To do. Transcription, pictures excluded: write out the data below exactly.
[[ Data for the task, beginning ]]
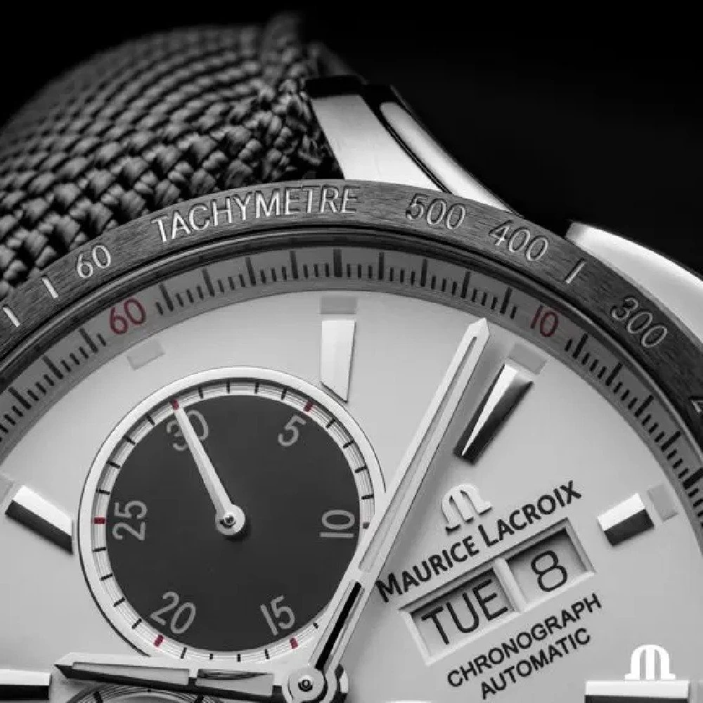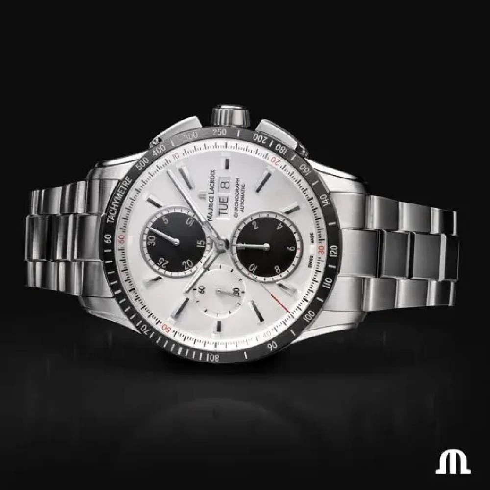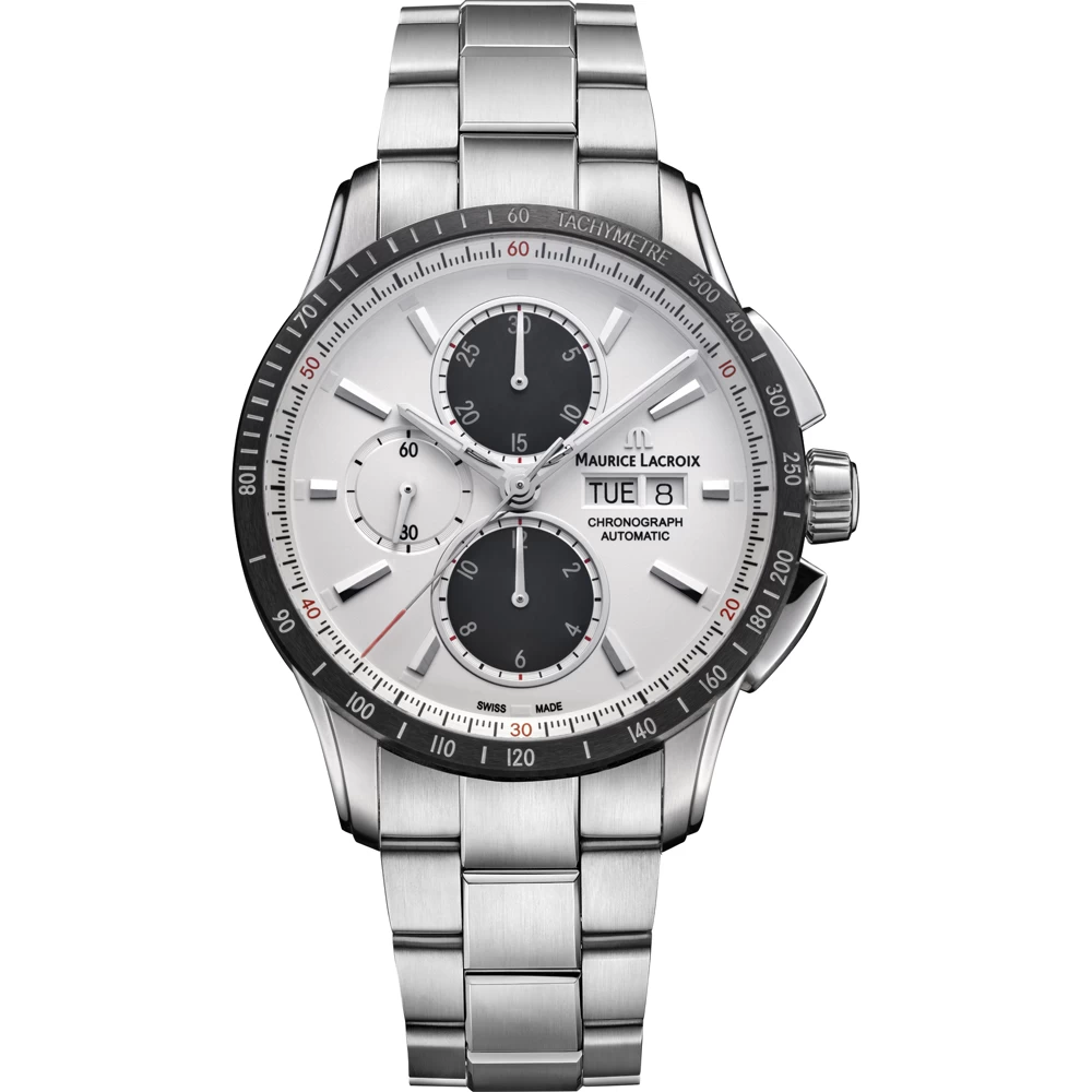 This Maurice Lacroix watch has a case made of stainless steel with a diameter of 43 mm and is fitted with a leather band. Inside the case lies a Sellita movement and the watch features a Sapphire crystal.
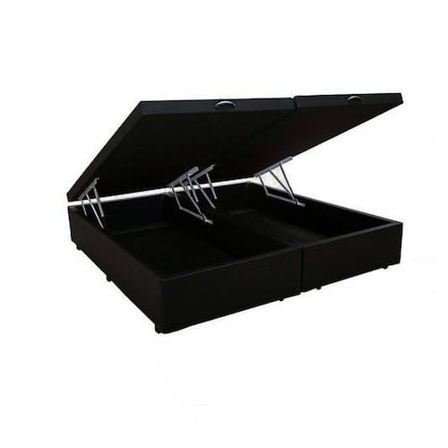 Feita com madeira reforçada 100% de reflorestamento, acabamento em tecido Suede, pistões à gás para uma abertura muito fácil, tratamento antialérgico e antiácaro, pés em madeira, estrutura recomendada para até 200kg distribuidos no box.
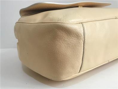 This bag is NEW WITHOUT TAGS and never been used in fact plastic tag attachment still attached to the bag but because it is vintage and has been stored for a long time please expect signs of shelf wear, there are some creases, markings and black dots on some areas of the bag, please see photos and you will be the judge if these type of wear takes away the beauty from this bag. Overallm absolutely NEW and never been used, there are no worn spots on bottom corners and interior shows no signs of ever been used. You can also tell from the feel of the leather bag has not been used at all so I am sure you won't be disappointed. This would absolutely make a nice gift that special girl who love the classic look. This is Guaranteed Authentic like all the bags listed. Comes wrapped in tissue paper. Measures aapproximately 15"L x 12"H x 5'W with 6" strap drop.
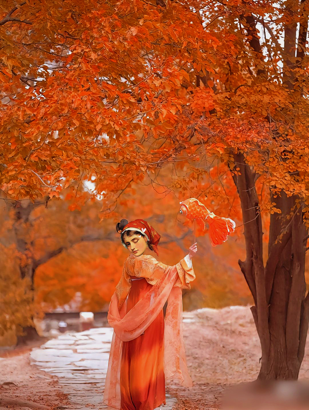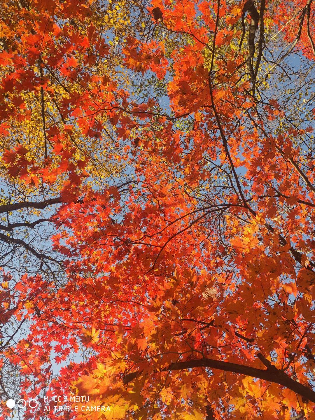 踏着脚下枫叶铺满的“红地毯”
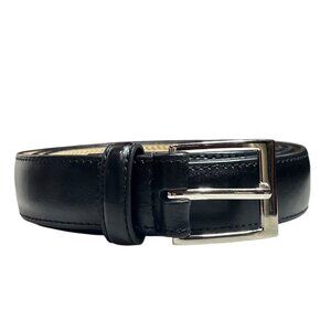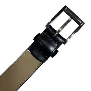 Elevate your wardrobe with a timeless accessory, this black genuine leather dress belt, crafted to complement your classic and modern attire. With a size 44 fit, it boasts a solid pattern and a sleek 1-1/8" width, ideal for threading through your favorite trousers or slacks. The belt is designed with a distinguished silver-tone buckle, adding a touch of sophistication to the overall look. Manufactured with care, this belt features a durable leather material paired with metal hardware that ensures longevity and a smooth finish. Perfect for the fashion-conscious individual, its design embodies a perfect blend of functionality and style, making it a versatile addition to any ensemble. Whether it's for a day at the office or a night out, this belt is sure to enhance your outfit with a classic touch.
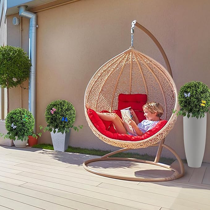 • 【90-Second Setup & Versatile Styling】 Pre-assembled structure with bendable vines and embedded ground spike allows instant installation in soil, pots, or rocky terrain. Rotate 360° to showcase fake butterfly ornaments from every angle – Our evergreen faux boxwood balls is perfect for photo-ready porch décor or events
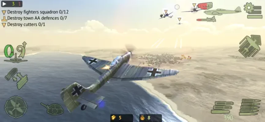 Gather experience and military ranks, unlock medals, climb on the leaderboards to become ultimate pilot.
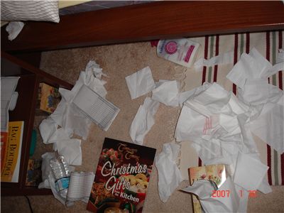 Felicia很喜歡玩衛生紙, 趁著媽咪打盹的一下下時間, 床頭櫃裡的東西, 全被搬到地上, 衛生紙更是丟的到處都是...
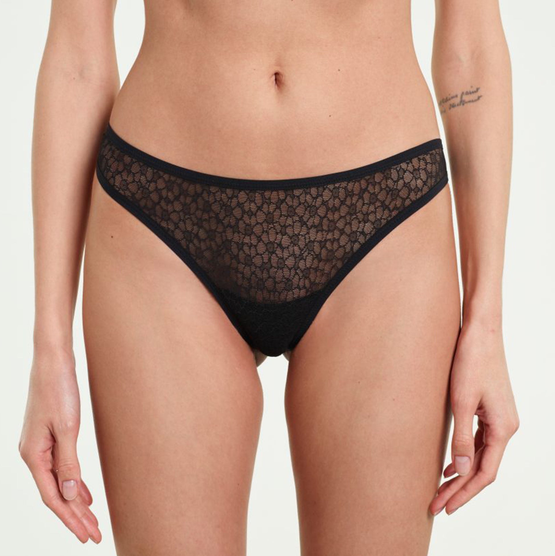 A low waist thong made from delicate flowery stretch tulle. The fabric is soft and elastic.
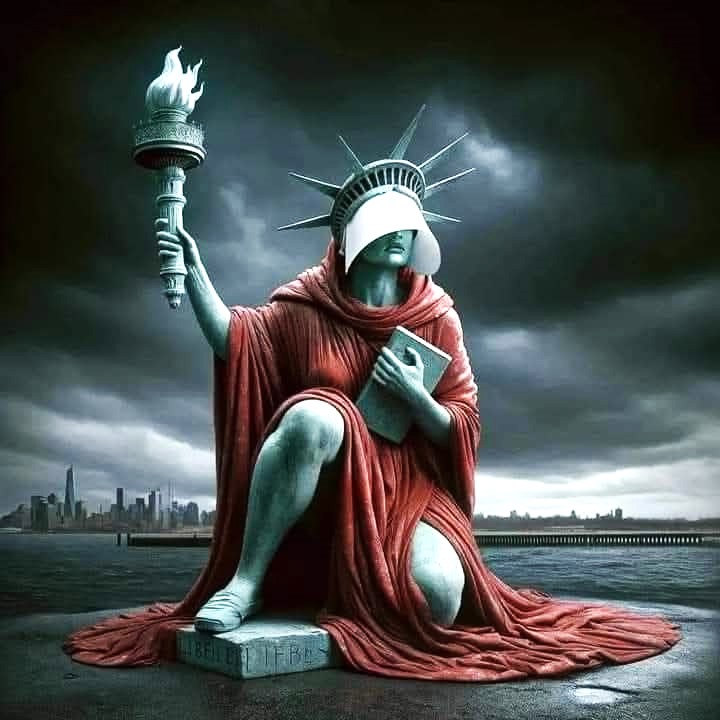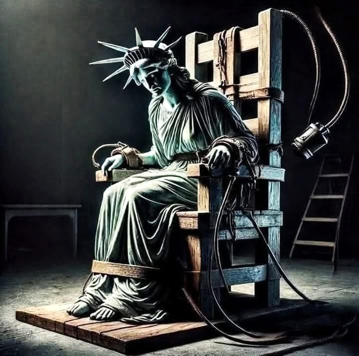 Tout d’abord, elles disent la douleur et la souffrance. Lady Liberty pleure devant le désastre d’une Amérique inféodée au Kremlin. Elle est prisonnière dans son pays, malade. Plus gravement, elle est menacée d’une exécution capitale.
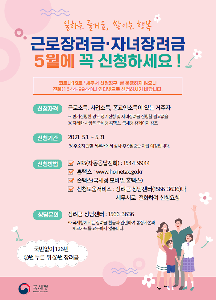 근로장려금, 자녀장려금 5월에 꼭 신청하세요.
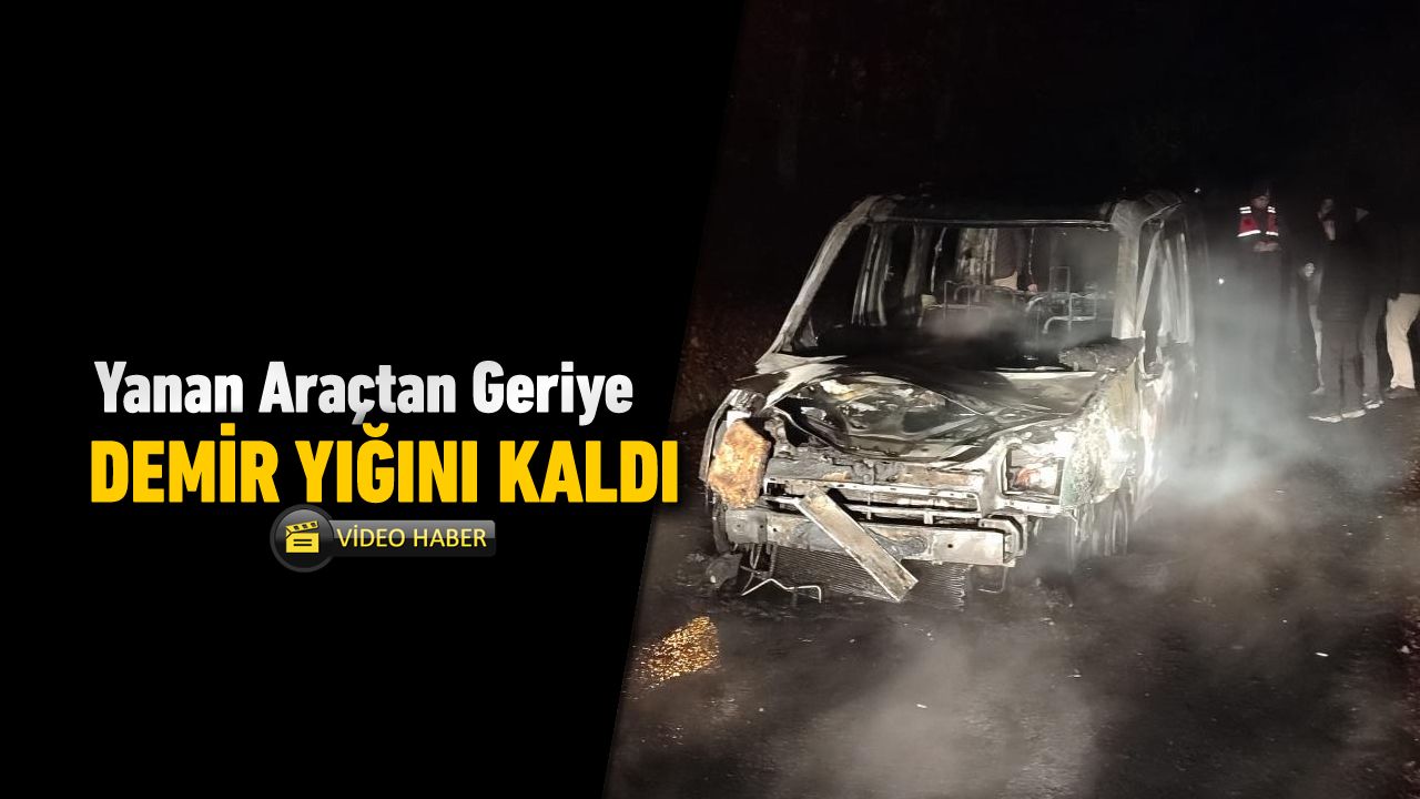 Karabük'ün Yenice ilçesinde seyir halindeyken alev alan hafif ticari araç tamamen yanarak kullanılmaz hale geldi.
[[ Data for the task, end ]]
Written reply.
 This Maurice Lacroix watch has a case made of stainless steel with a diameter of 43 mm and is fitted with a leather band. Inside the case lies a Sellita movement and the watch features a Sapphire crystal.
 Feita com madeira reforçada 100% de reflorestamento, acabamento em tecido Suede, pistões à gás para uma abertura muito fácil, tratamento antialérgico e antiácaro, pés em madeira, estrutura recomendada para até 200kg distribuidos no box.
 This bag is NEW WITHOUT TAGS and never been used in fact plastic tag attachment still attached to the bag but because it is vintage and has been stored for a long time please expect signs of shelf wear, there are some creases, markings and black dots on some areas of the bag, please see photos and you will be the judge if these type of wear takes away the beauty from this bag. Overallm absolutely NEW and never been used, there are no worn spots on bottom corners and interior shows no signs of ever been used. You can also tell from the feel of the leather bag has not been used at all so I am sure you won't be disappointed. This would absolutely make a nice gift that special girl who love the classic look. This is Guaranteed Authentic like all the bags listed. Comes wrapped in tissue paper. Measures aapproximately 15"L x 12"H x 5'W with 6" strap drop.
 踏着脚下枫叶铺满的“红地毯”
 Elevate your wardrobe with a timeless accessory, this black genuine leather dress belt, crafted to complement your classic and modern attire. With a size 44 fit, it boasts a solid pattern and a sleek 1-1/8" width, ideal for threading through your favorite trousers or slacks. The belt is designed with a distinguished silver-tone buckle, adding a touch of sophistication to the overall look. Manufactured with care, this belt features a durable leather material paired with metal hardware that ensures longevity and a smooth finish. Perfect for the fashion-conscious individual, its design embodies a perfect blend of functionality and style, making it a versatile addition to any ensemble. Whether it's for a day at the office or a night out, this belt is sure to enhance your outfit with a classic touch.
 • 【90-Second Setup & Versatile Styling】 Pre-assembled structure with bendable vines and embedded ground spike allows instant installation in soil, pots, or rocky terrain. Rotate 360° to showcase fake butterfly ornaments from every angle – Our evergreen faux boxwood balls is perfect for photo-ready porch décor or events
 Gather experience and military ranks, unlock medals, climb on the leaderboards to become ultimate pilot.
 Felicia很喜歡玩衛生紙, 趁著媽咪打盹的一下下時間, 床頭櫃裡的東西, 全被搬到地上, 衛生紙更是丟的到處都是...
 A low waist thong made from delicate flowery stretch tulle. The fabric is soft and elastic.
 Tout d’abord, elles disent la douleur et la souffrance. Lady Liberty pleure devant le désastre d’une Amérique inféodée au Kremlin. Elle est prisonnière dans son pays, malade. Plus gravement, elle est menacée d’une exécution capitale.
 근로장려금, 자녀장려금 5월에 꼭 신청하세요.
 Karabük'ün Yenice ilçesinde seyir halindeyken alev alan hafif ticari araç tamamen yanarak kullanılmaz hale geldi.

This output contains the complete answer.